··· Data listing

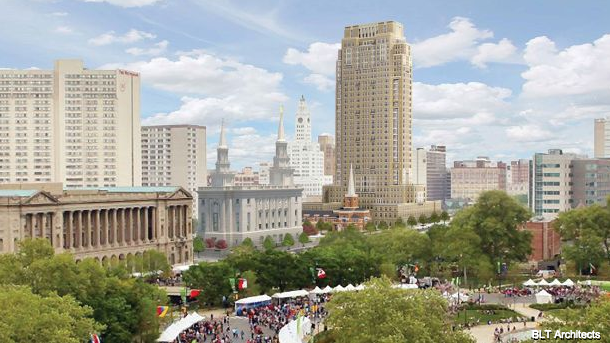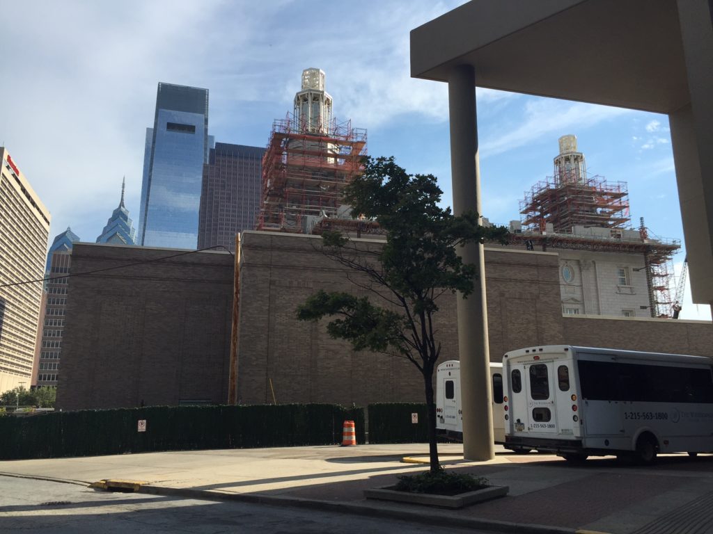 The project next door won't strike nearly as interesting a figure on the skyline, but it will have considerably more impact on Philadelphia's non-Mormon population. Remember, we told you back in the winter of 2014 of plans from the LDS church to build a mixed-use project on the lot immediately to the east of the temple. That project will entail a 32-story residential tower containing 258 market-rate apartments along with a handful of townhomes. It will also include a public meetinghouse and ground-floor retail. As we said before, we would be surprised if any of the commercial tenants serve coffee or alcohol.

······
··· Data listing

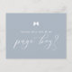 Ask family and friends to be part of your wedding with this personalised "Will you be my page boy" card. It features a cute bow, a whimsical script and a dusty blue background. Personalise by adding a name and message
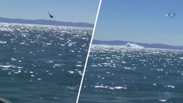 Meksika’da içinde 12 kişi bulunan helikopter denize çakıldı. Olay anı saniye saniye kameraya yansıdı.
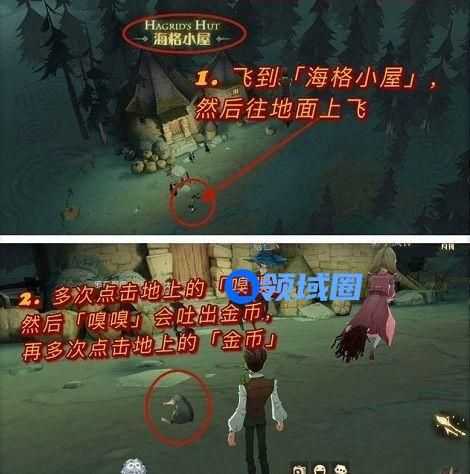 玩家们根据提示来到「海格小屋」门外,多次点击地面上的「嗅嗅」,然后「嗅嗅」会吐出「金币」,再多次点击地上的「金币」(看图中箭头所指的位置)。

······

• [The problem] Your reply should consist solely of the lines above from the line containing "Meksika’da içinde 12" up to and including the line containing "玩家们根据提示来到「海格小屋", reproduced exactly, minus the pictures.

• [Exercise answer]
 Meksika’da içinde 12 kişi bulunan helikopter denize çakıldı. Olay anı saniye saniye kameraya yansıdı.
 玩家们根据提示来到「海格小屋」门外,多次点击地面上的「嗅嗅」,然后「嗅嗅」会吐出「金币」,再多次点击地上的「金币」(看图中箭头所指的位置)。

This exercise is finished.